**About this task**
Give back the exact lines of the material below from the one containing "2008 avait malheureusement" through the one containing "ผูกด้ายดวงชะตา", and no pictures.

**Recorded data**
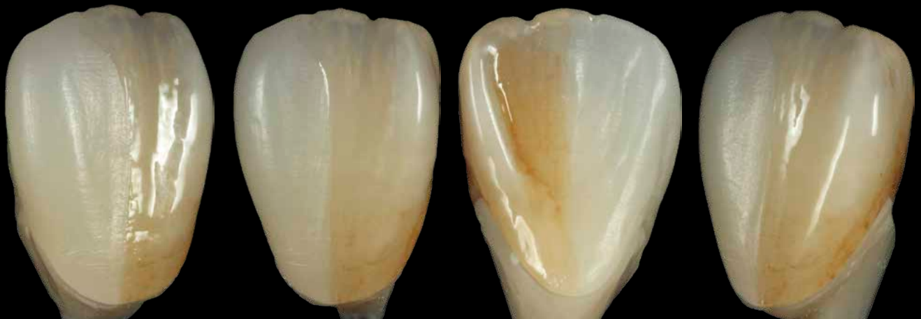
Restauri in zirconio monolitico pitturati e glasati, realizzati dal ceramista Tomoyuki Edakawa, Giappone

Vintage Art Universal può essere applicato in strati molto sottili e fornisce sia a tecnici principianti che a professionisti esperti un sistema semplice e completo: facile da usare, con risultati estetici eccellenti e con una gamma praticamente illimitata di possibilità creative.
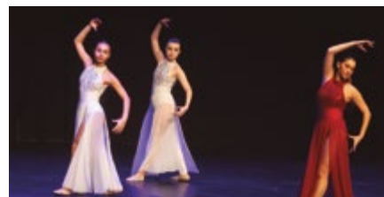
Acadèmia de ball Susy
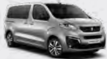
Siva Artense (2)
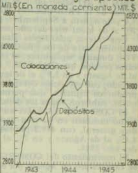
Bancos Comerciales Colocaciones y Depósitos
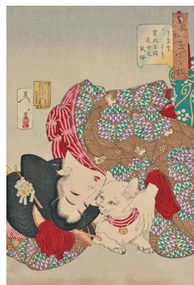
8 <風俗三十二相うるささう 寛政年間 処女之風俗> 明治21年(1888)
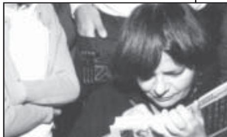
1968: Elsa Morante intenta ad autografare una copia del suo libro "Il mondo salvato dai ragazzini", per il quale ricevette il Brancati, quell'anno alla prima edizione.
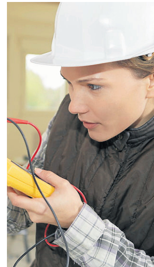
Elektryka i energetyka to nie wyłącznie męska domena
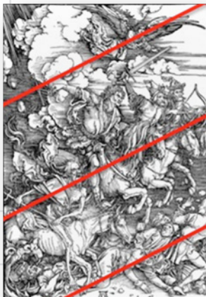
Ilustración 10. Estructura compositiva.
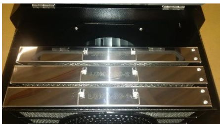
Vorfiltereinheit mit 3 nummerierten auswaschbaren Filterkassetten.
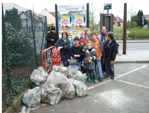
2008 avait malheureusement connu une bonne récolte !

déchetterie de la Robertsau est organisée de 14h à 15h30. La journée se terminera par un goûter convivial lors duquel nous pourrons échanger sur des questions liées à notre environnement.
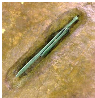
銅矛・銅戈埋納土坑(弥生時代)
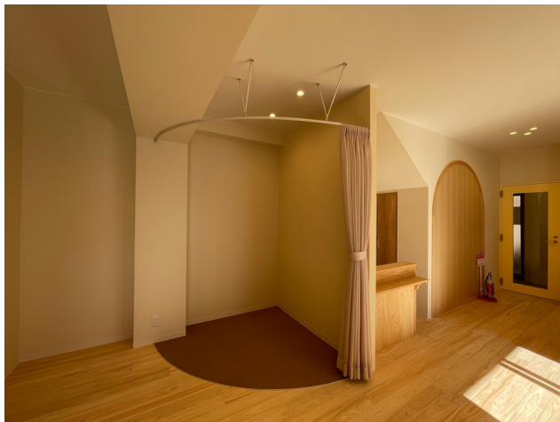
人を感じながら一人になれる場
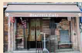
生ハムやピクルスの「盛り合せ」2,800円▶

三島広小路駅から徒歩1分。料理に定評のある大人の隠れ家的な店。おいしいバスク料理とワインの組み合わせで幸福の瞬間に浸ろう。
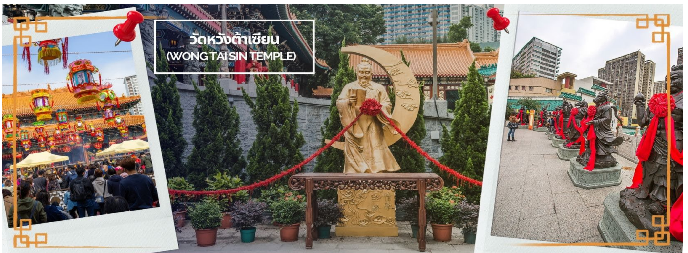
ผูกด้ายดวงชะตา ระหว่างคู่รักซึ่งเมื่อคู่กันแล้วก็จะไม่แคล้วคลาดกัน

และยังถ่ายทอดวิชาให้กับลูกศิษย์มากมาย จนได้รับยกย่องว่าเป็นเทพหว่องไท่ซิน และได้ตั้งศาลหว่องไท่ซิน เอาไว้ เพื่อกราบสักการะ นอกจากนั้นแล้ว ภายในวัดยังมี เทพเจ้าด้ายแดง หรือเทพเจ้าหุคโหลว รูปปั้นสีทอง มี เลี้ยวพระจันทร์อยู่ด้านหลัง เป้าหมายของคนโสดอยากมีคู่!!! โดยการขอพรกับเทพเจ้าองค์นี้ต้องใช้ด้ายแดง ผูกนิ้วเอาไว้ไม่ให้หลุดระหว่างพิธี เพราะชาวจีนเชื่อว่าด้ายแดงนี้แหละคือ เส้นโยงโชคชะตาด้านความรัก คนโสด ก็เป็นการขอพรให้เจอเนื้อคู่ ส่วนคนมีคู่ ก็จะช่วยทำให้มีความรักที่มั่นคงและยืนยาว เมื่อไปถึงจะเห็นรูปปั้นของ เทพหุคโหลวอยู่ตรงกลาง เมื่อหันหน้าเข้าหาเทพหุคโหลว จะพบรูปปั้นเจ้าบ่าว อยู่ทางขวา และรูปปั้นเจ้าสาว อยู่ทางซ้าย โดยมีด้ายแดงผูกโยงจากเจ้าบ่าวและเจ้าสาวมาที่เทพหุคโหลว ซึ่งท่านจะคอยทำหน้าที่จดรายชื่อ คู่รัก เชื่อกันว่าสมุดที่ผู้เฒ่าถือในมือ คือบัญชีรายชื่อคู่รักที่จะได้รับคำอวยพรให้อยู่คู่กันอย่างร่มเย็นเป็นสุข ซึ่งจะ ปรากฏด้วยยามค่ำคืนภายใต้แสงจันทร์ เป็นเทพเจ้าผู้เป็นอมตะที่อาศัยอยู่บนดวงจันทร์ และลงมาโลกมนุษย์เพื่อ
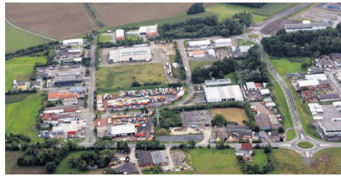
Die Firma Saria (oben) möchte ihren Standort an der Werner Straße erweitern. Das Gewerbegebiet Werner Straße (unten) grenzt unmittelbar an die K44n.
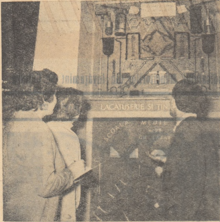
Vizitatorii privesc cu interes exponatele care oglindesc legarea învățămîntului de practică

DE LA MINISTERUL INVĂȚĂMÎNTULUI ȘI CULTURII
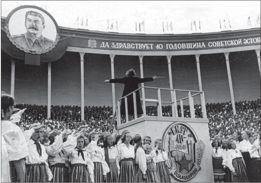
13. üldlaulupeol esinevad ühendkoorid. Tallinn, 26. juuli 1950. EFA 0-3355
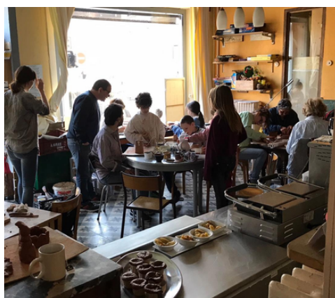
Espace de Vie Sociale
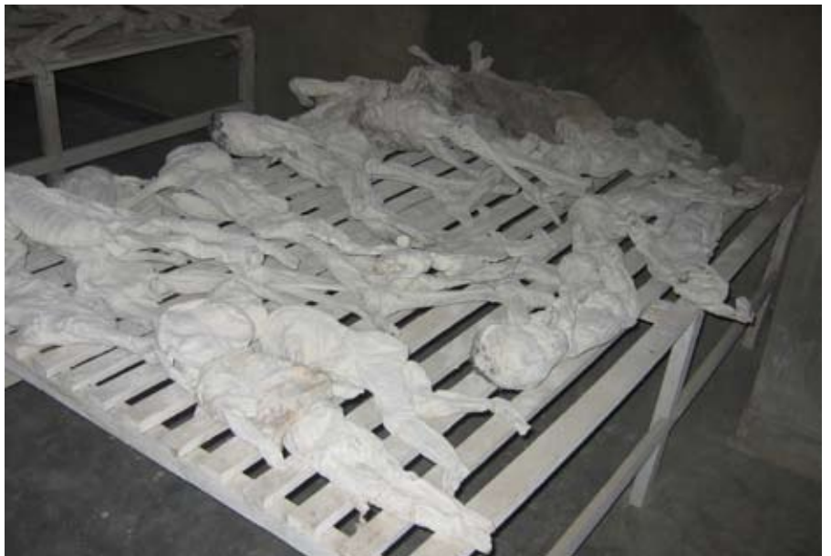
■ Een memorial van de massaslachting van de Tutsi's, waar overblijfselen liggen onder ongebluste kalk. Joost Gordijn bezocht de herdenkingsplekken in 2006.

Maar ik weet ook van een heel andere kant en dat is Afrikaanse kunst die voor mij een enorme zeggingskracht heeft. Ik was daar in 1994 al zeer van onder de indruk en ik heb sindsdien mijn collectie voortdurend uitgebreid."
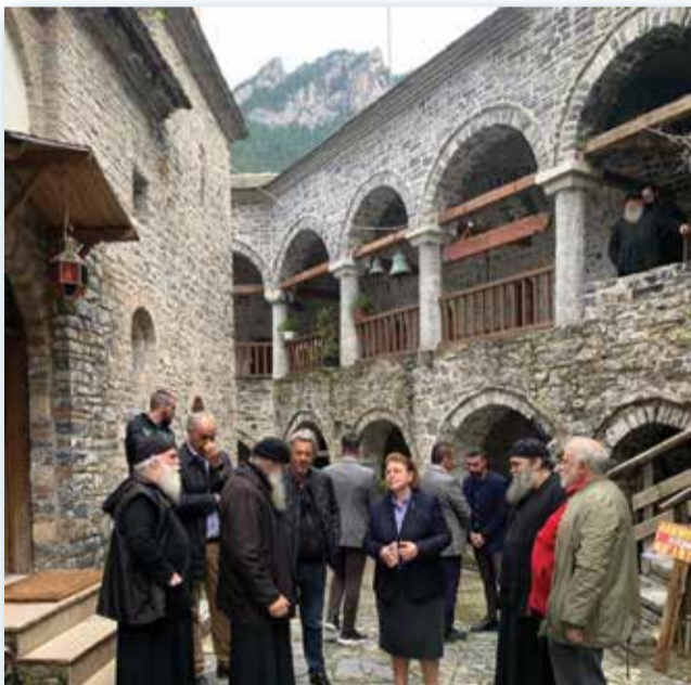
Η Υπουργός κ. Λίνα Μενδώνη κατά την επίσκεψή της στο μοναστήρι

Μόνο που κάποια στιγμή, σε όλο αυτό το εγχείρημα, υπήρξε μεγάλη δυσκολία στην πρόοδο των εργασιών καθώς δεν γνώριζαν πώς ενώνονταν οι δύο πτέρυγες αφού από τα εκρηκτικά είχαν καταστραφεί τελείως οι γωνίες και ήταν ανισόπεδες. Κι ενώ όλα έδειχναν πως η αναστήλωση «κολλάει», Γερμανός στρατιώτης που ήταν στην ομάδα αυτών που μετέφεραν τα εκρηκτικά για να ανατινάξουν το μοναστήρι, έστειλε μέσα σε φάκελο κάποιες φωτογραφίες. Λίγο πριν από την καταστροφή, είχε σηκώσει τη φωτογραφική μηχανή και αποτύπωσε το μέρος, όπως ακριβώς ήταν προτού διαλυθεί. Έτσι όπως αναστηλώθηκε σήμερα.
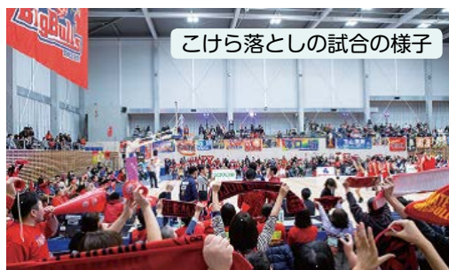
こけら落としの試合の様子
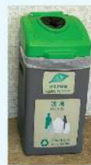
玻璃樽回收 第 2,9,16、21、28, 31,36,40, 43, 49座
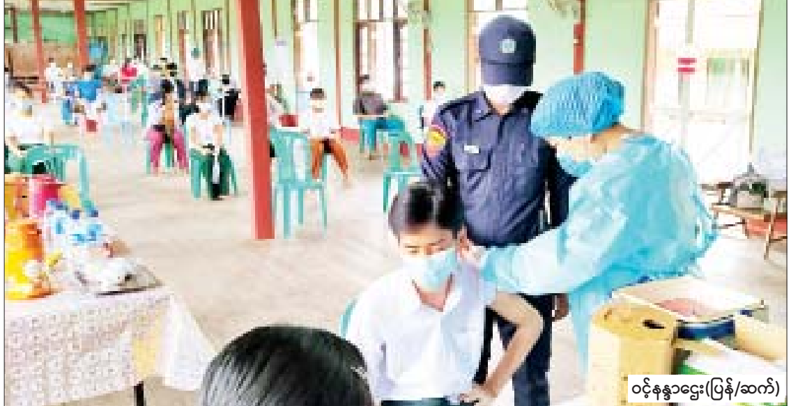
ဝင့်နန္ဒာဌေး(ပြန်/ဆက်)

ကျောင်းသူတွေကို ဦးစားပေးထိုးနှံပေးမှာ ဖြစ်ပါတယ်။
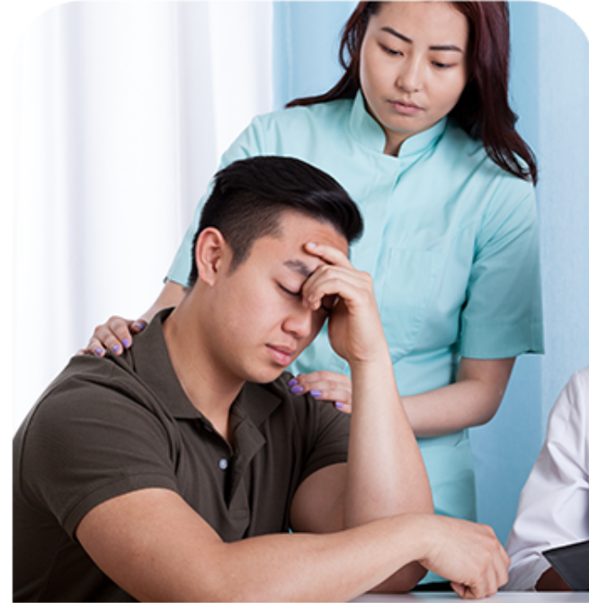
年龄增长精力不济
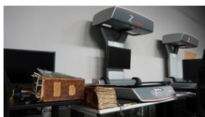
Problemy archiwistyki i edytorstwa źródeł historycznych XX wieku - Lublin, 15 czerwca 2023.

**Task solution**
2008 avait malheureusement connu une bonne récolte !

déchetterie de la Robertsau est organisée de 14h à 15h30. La journée se terminera par un goûter convivial lors duquel nous pourrons échanger sur des questions liées à notre environnement.
銅矛・銅戈埋納土坑(弥生時代)
人を感じながら一人になれる場
生ハムやピクルスの「盛り合せ」2,800円▶

三島広小路駅から徒歩1分。料理に定評のある大人の隠れ家的な店。おいしいバスク料理とワインの組み合わせで幸福の瞬間に浸ろう。
ผูกด้ายดวงชะตา ระหว่างคู่รักซึ่งเมื่อคู่กันแล้วก็จะไม่แคล้วคลาดกัน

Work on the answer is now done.